Le MAT au récepteur de l'IL-2 inhibe la prolifération des lymphocytes T en bloquant l'effet de l'IL-2, qui est sécrétée par les lymphocytes T activés. Le basiliximab et le dacrizumab, deux anticorps anti-T humanisés (HAT, anti-T humanisés par le HAT), sont de plus en plus utilisés pour traiter le rejet aigu du rein, du foie et de la greffe intestinale; ils sont également utilisés en complément d'un traitement immunosuppresseur pendant la transplantation. Parmi les effets secondaires, il y a un rapport d'anaphylaxie, et la réalisation d'échantillons individuels suggère que le daclizumab, qui est utilisé avec la cyclosporine, le MMF et les glucocorticoïdes, peut augmenter la mortalité. De plus, les études sur les anticorps contre le récepteur de l'IL-2 sont limitées et le risque de maladies lymphoprolifératives ne peut être exclu.
Irradiation
L'exposition de la greffe, la région locale du tissu receveur, ou les deux peuvent être utilisés pour traiter les cas de rejet de greffe rénale lorsque les autres médicaments (glucocorticoïdes, ATG) est inefficace.

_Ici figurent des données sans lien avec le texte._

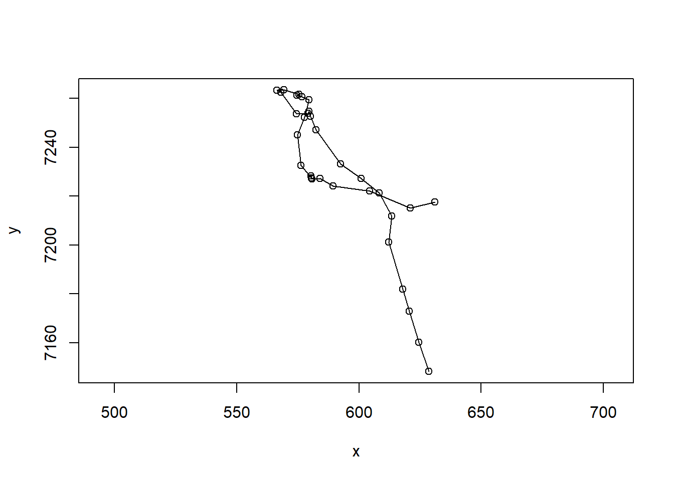 m <- subset(caribou.daily.df, id == myid)[c("lon", "lat")]
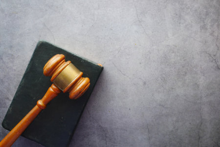Judge gavel near law textbooks in court archive study room for copyright and international legal rights.

L'exposition totale du système lymphatique est dans une phase pilote, mais de manière apparemment sans danger supprime l'immunité à médiation cellulaire, en premier lieu en raison de la stimulation des suppresseurs des lymphocytes T, et plus tard, probablement en raison de la destruction des cellules réactives antigènes spécifiques clonales.
Thérapie du futur
Dans les procédés actuellement mis au point et des médicaments qui induisent une tolérance spécifique de l'antigène de la greffe sans inhiber d'autres types de réponse immunitaire. Prometteurs sont deux stratégies: le blocage de la voie de co-stimulation des cellules T à l'aide de l'antigène associé aux lymphocytes T cytotoxiques 4 (ST1_A-4) -1d61 protéine diffusive; et l'induction d'un chimérisme (coexistence des cellules immunitaires du donneur et du receveur, dans lequel le tissu transplanté est reconnu comme son propre) en utilisant un traitement prétransplantation sans mieloablyatsii (par exemple, le cyclophosphamide, l'irradiation du thymus, ATG, tacrolimus) pour induire une piscine d'appauvrissement momentanée des cellules T, la prise de greffe de donneur CSH suivi de la tolérance à la greffe d'organes solides provenant du même donneur.